An impatient, personable young man from London has himself rowed from the brig Henrietta to the New York shore of 1746 with a bill of exchange in his pocket. It’s for the huge amount of one thousand pounds – and must be honoured within sixty days by trader Master Lovell, who owes this sum to the London company who issued the bill.

Scan_20160610

Deeply suspicious of this ‘strip of a boy who comes demanding payment of an awk’ard-sized fortune, on no surety‘ – and with London a six-week sail across the ocean, meaning a fraud couldn’t be uncovered before the money falls due – Lovell and his fellow merchants have a make-or-break decision to take. Is the mysterious Richard Smith genuine? A bold-faced crook? Up to political mischief? Or attempting something much darker?
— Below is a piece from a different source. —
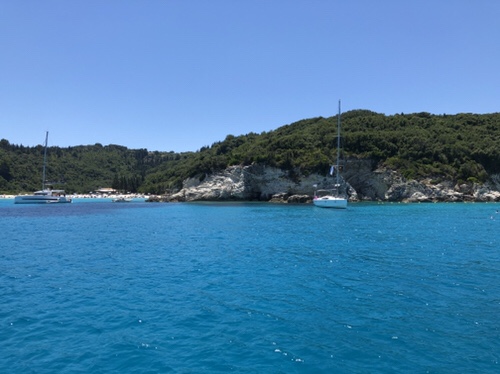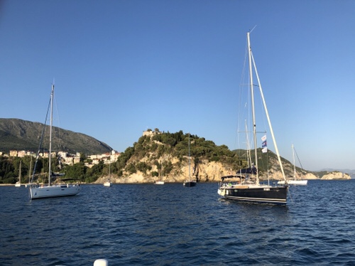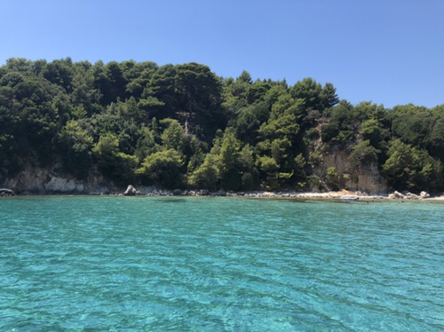 The wind calmed down after dusk so we had a peaceful evening on board. We set off this morning for the mainland to explore the coves and islands north of the Gulf of Patras. We are now anchored in a little bay with four other boats on the mainland with only the lapping of the water and cicadas for background noise.

For he’s up to something, everyone agrees. He openly admits to it. Yet despite hints and red herrings nothing will prise the exact truth out of him – not offers of violence, rooftop chases, a duel, a branding, nor the threat of the hangman’s noose. Smith keeps his secret until the final page.

Francis Spufford’s novel is a fine plum pudding of a book, rich with spice and full of silver-sixpence-like surprises. I gobbled it up, swallowing it down (along with envy of an author who can create such a clever game of pass-the-parcel) layer upon layer of story from which the reader must tease-out clues and try to get a feel for the secret lying at its core.

The language is gloriously dense in places. But if it is occasionally purple it is the colour of a Georgian brocade waistcoat, the texture of the cloth opulent under one’s exploring fingers, yet not necessarily giving an accurate clue to the wearer’s true identity. This is arguably necessary, since modern language would struggle to convey the landscape of a city where church spires look down on a display of trophy human scalps; where the reality of a duel is a blundering struggle through deep snow, with spurting blood and unexpected consequences; where one of the great cities of the world is in the bold process of creating itself.

Then there are Spufford’s wonderful characters: the feline Tabitha, who hates novels yet quotes Shakespeare; the voluptuous Mrs Tomlinson, who makes Smith a generous offer he cannot, for politeness, refuse; the intriguing Achilles, ‘a tall African of about Smith’s age, wearing livery, with long limbs and a tight knob of a head like the bole of a dark tree’  who has, for a slave, a complex relationship with Septimus Oakeshott, the Governor’s young aide. My heart still breaks over Septimus.

Historical novels don’t all have to be bodice-rippers. They can be Wolf Hall. They can be Golden Hill. I was going insane trying to work out what was at the bottom of it all – now I’m mad to find out whether there might possibly be a sequel.